The military will endeavor to:

  1. Foster regional activity,
  2. Defend the Coalition and its allies,
  3. Represent the power, influence, and policies of the Coalition abroad,
  4. Protect innocent regions from attack,
  5. Promote legitimate, native democratic institutions across the world

A simplified Defence Act, inspired by Belschaft’s draft but strengthening defender provisions and removing mentions to the General Corps.


Defence Act
An act to establish a regional military and regulate its scope of mission

1. General Provisions

(1) This law is a constitutional law and has precedence over all general laws and regulations.

(2) This law considers the following terms:

  1. Portfolio Minister - the minister appointed by the Prime Minister to oversee the portfolio related to the military.
  2. Offensive Operation - any operation whose effect is the attack, destruction, vandalisation, subjugation, or colonisation of a region.
  3. Hostile Act - actions that have a material detrimental effect over the Coalition or its interests, or rhetoric that can be reasonably read as inciting the commission of hostile acts by others.

2. Establishment of a Regional Military

(1) The Special Forces are the sole regional military.

(2) The Prime Minister is the commander-in-chief of the Special Forces and exercises civilian command and control over it.

(3) The Prime Minister may issue lawful orders to the Special Forces, and no member of the same may refuse such lawful order subject to penalties that may be established by law or regulation.

(4) The Prime Minister may issue regulations as they deem necessary to ensure the proper recruitment, maintenance, and overall functioning of the Special Forces in accordance with its scope of mission and regional interests.

(5) The Prime Minister appoints a body of no less than three senior commanders for a term of twelve months, with the approval of the Assembly, to provide military advice and exercise operational command over the Special Forces.

(56) The Portfolio Minister, if one is appointed, may act in the name of the Prime Minister for the purposes of this law, but the Prime Minister retains the authority to overrule any such actions.

3. Scope of Mission

(1) The Special Forces protect the Coalition and its allies, as lawfully directed by civilian and military leadership.

(2) The Special Forces conduct their operations consistent with the objectives of protecting innocent regions from attack, and promoting legitimate, native, democratic institutions abroad.

(3) The Special Forces may not engage in offensive operations except in cases where the Prime Minister directed such action towards any the following:

  1. Regions that espouse hateful ideologies.
  2. Regions against with the Coalition is in a state of war, as declared by the Assembly.
  3. Regions that have committed hostile acts against the Coalition.

What is the logic for doing away with the General Corps?

I think the idea of appointing Generals makes sense: we want officers with experience who have a leadership role and help keep the military's institutional memory.

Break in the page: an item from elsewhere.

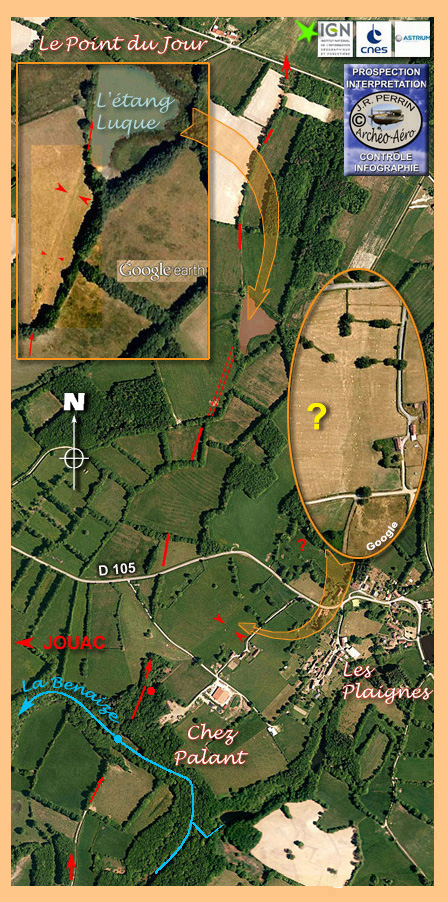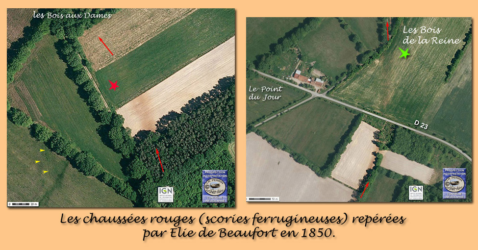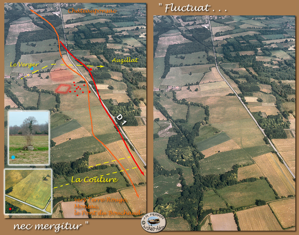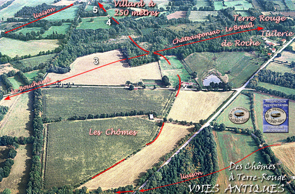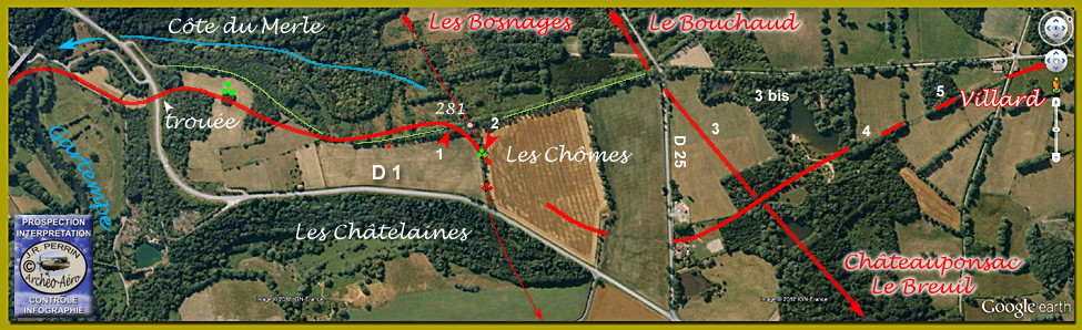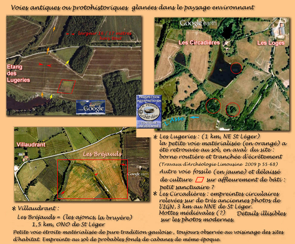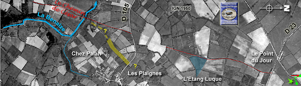 Passé le gué ou le pont, une tranchée routière paraît émerger des bois de rive. Une voie en part et s'individualise par un arbre relique au milieu d'une parcelle. Passé le chemin de desserte de Chez-Palant, une haie prend le relais.Puis des traces apparaissent dans un labour . Plus loin, vers le nord, les restes de la chaussée antique ont servi à asseoir la levée de terre d'un étang moderne : l'étang Luque. La voie s'inscrit alors en continuité apparente, sur les photos aériennes de l'IGN et de Google. A quelques minuscules écarts près, ce sont ces restes rouges de chaussées antiques qui conduisirent Elie de Beaufort en 1850, jusqu'à Chaillac, à 10 kilomètres de là . Les photos modernes heureusement complétées par d'autres plus anciennes (1950), nous restituent ce parcours par des longs rubans de scories, déchets sans doute issus d'une activité sidérurgique artisanale dans laquelle nos ancêtres gaulois excellaient.

That said, I think it would be more logical to give the Prime Minister (and the Defence Minister) more flexibility in terms of how exactly to structure the hierarchy and make the appointments that they deem necessary. In that sense I wouldn't see this as an abolition of the General Corps as much as just giving the civilian leadership more flexibility in terms of setting up its structure, duties, and membership.

I can see the logic behind that thinking, but like a lot of other proposed changes we’re making everything dependant on the whims of the Prime Minister and their decision making instead of creating lasting institutions which don’t get completely upended every time someone new is elected to office.

Speaking as a multiple-term former MoD, I can at least get behind the idea of simplifying the command structure and giving the PM a little more flexibility, but I would like to see at least some more solid form of institutional memory in command positions rather than just leaving it up to the PM and their appointed minister every term. You mention that as an advantage of this, but I’m not entirely sure I’m sold on that idea because I fear we may be giving too much flexibility to the commander in chief and trading off institutional memory. That was one of the most important points I argued for three and a half years ago when we initially passed the resolution to go defender - we need those institutions to ensure the continued strength of our defender convictions.

I guess it will maybe be up to the first PM/DM under the new system to establish that. I’m not necessarily opposed to the idea of making the PM commander in chief, because the old MoD position always ended up being a military person anyway and leaned heavily toward the “ex officio fourth general” part of the role rather than an actual civilian leader. I tried some different things to that end but it always just felt like a military appointment to begin with.

I agree with you in part and with Belschaft in part I guess is what I’m saying.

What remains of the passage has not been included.